Eventually, after some months of asking and some weeks of offering bribes to be paid from future earnings, he had lowered his sights and legitimately persuaded the Asian owner of the timber yard to employ him as a labourer. His pay, a mere forty shillings a week, seemed like a fortune at first, but later, as his taste for spending grew, it had to be supplemented by any casual job he could find. The options available were not always legal, but he had been lucky up to now. Janet had met him at a dance in the Umoja Bar, Kitui town's fabled nightspot where, on Friday evenings the Kitui Town County Council Band played on a regular basis. Janet had gone to the last dance there to convince herself that Father Michael's imminent departure and absence would not change the way she lived. She had a wonderful time and danced the bump with all and sundry, the men at one stage forming a queue to have the privilege of the next hip and bum touch.

Late in the evening and by then rather drunk, she was asked to dance by a tall slim young man with fair brown skin, a characteristic that had led to his being called ‘that brown boy' by most of his acquaintances. He danced as flamboyantly as he dressed. He was, in fact, the model of the new Kenyan, an attempted copy of the characters that adorned the adverts for beer or cars in Drum magazine, with his imported platform shoes, red flares, yellow shirt and coloured baseball cap, set off by the reflecting dark glasses. These were just a little too big to create the image, since they had a tendency to slide down his nose, the correcting push up with the middle finger of the right hand having now become such an automated action that he did it even when the glasses were in his pocket. Apart from his ragged working clothes, these were his only possessions and he clearly prized them greatly, feeling inches taller when he wore them, more inches, that is, than those added by the clumping platforms of his soles. Dressed in the tattered khaki of the lumberyard, he was reticent and respectful, only ever doing precisely and exactly what he was told and never, never speaking out of turn. In his dance clothes, however, he stood tall, proud and upright and spoke with the volume of one slightly arrogant in his self-confidence, sure that others would take notice.

He saw Janet as soon as he entered the courtyard at the back of the bar where the dances were always held. He did not arrive until late, waiting at home until the time when the entrance fee was reduced from ten shillings to five, so that he might have enough money left for a couple of beers. Holding the dumpy Tusker Export bottle at an angle while lodging the thumb of the hand holding it over the broad plastic belt of his trousers was just another element of his calculated image.
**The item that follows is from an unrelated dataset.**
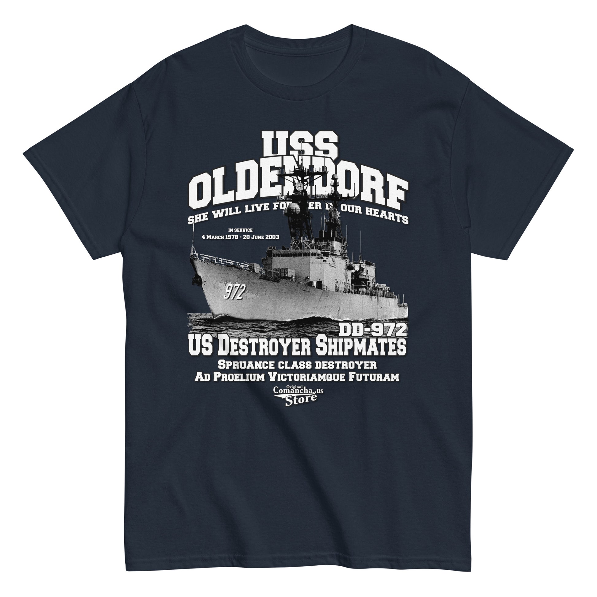 USS Oldendorf DD-972 Shipmates T-shirt, USS Oldendorf (DD-972), named for Admiral Jesse B. Oldendorf USN, was a Spruance-class destroyer, Comancha T-shirts Store,

Once inside the Umoja and charged with his bottle, he paused on the steps that led down to the courtyard to survey the scene or, perhaps, to invite those already in attendance to note his presence. As ever, he was far too self-obsessed to notice that no one ever looked his way. The first thing he saw, however, was Janet's white skin. It was his greatest ambition to have a white girlfriend and even better if, like Janet, she also had straight hair and was good-looking. Having found himself at the front of the informal queue for the next dance with her, he set about the bump with what he thought was an enthusiasm and energy that would impress both her and the other competing males, and then, by complete coincidence, the music stopped. She told him she was rationing her partners to one song each. He protested, saying that he had only a part of a song with her and insisted he dance the next one as well. She shrugged her shoulders and agreed.

When the band struck up again, however, it was not a tinkling Zairois melody, but a slow American soul ballad, a song by a black man called White. Solomon needed no encouragement and grasped his opportunity, otherwise known as Janet, with both hands. Normally, of course, she would have resisted the pull of a stranger's arms, but tonight she felt she had cast her fears to the wind and, after a momentary self-conscious pause, she warmed to his embrace and held him closer. By the time Solomon suggested they sit down, they had danced almost motionless like this for more than ten minutes. Janet's queue had dispersed out of lack of opportunity and so the two of them chatted over a couple of beers that she bought. Soon they kissed, but Janet's head began to spin and suddenly her natural reserve reasserted itself. Before Solomon had time to react, she got up to go, telling him that he could visit her in Migwani if he ever went there. She did not need to tell him where she lived. Everyone knew that this woman taught at the town's secondary school. Tonight, with John Mwangangi and Bill, his newly arrived visitor from England in the other room, Solomon had shown up to accept the invitation.

“What on earth are you doing here?” she asked.

“I have come to visit, like you said,” he replied. Janet's impatient expulsion of breath told him he was not welcome. He looked confused.

“I have friends here,” she said. Solomon could hear men's voices from inside. He looked at Janet, offering an expression of pathetic disappointment. He had misjudged her, perhaps. “Come inside for a moment.”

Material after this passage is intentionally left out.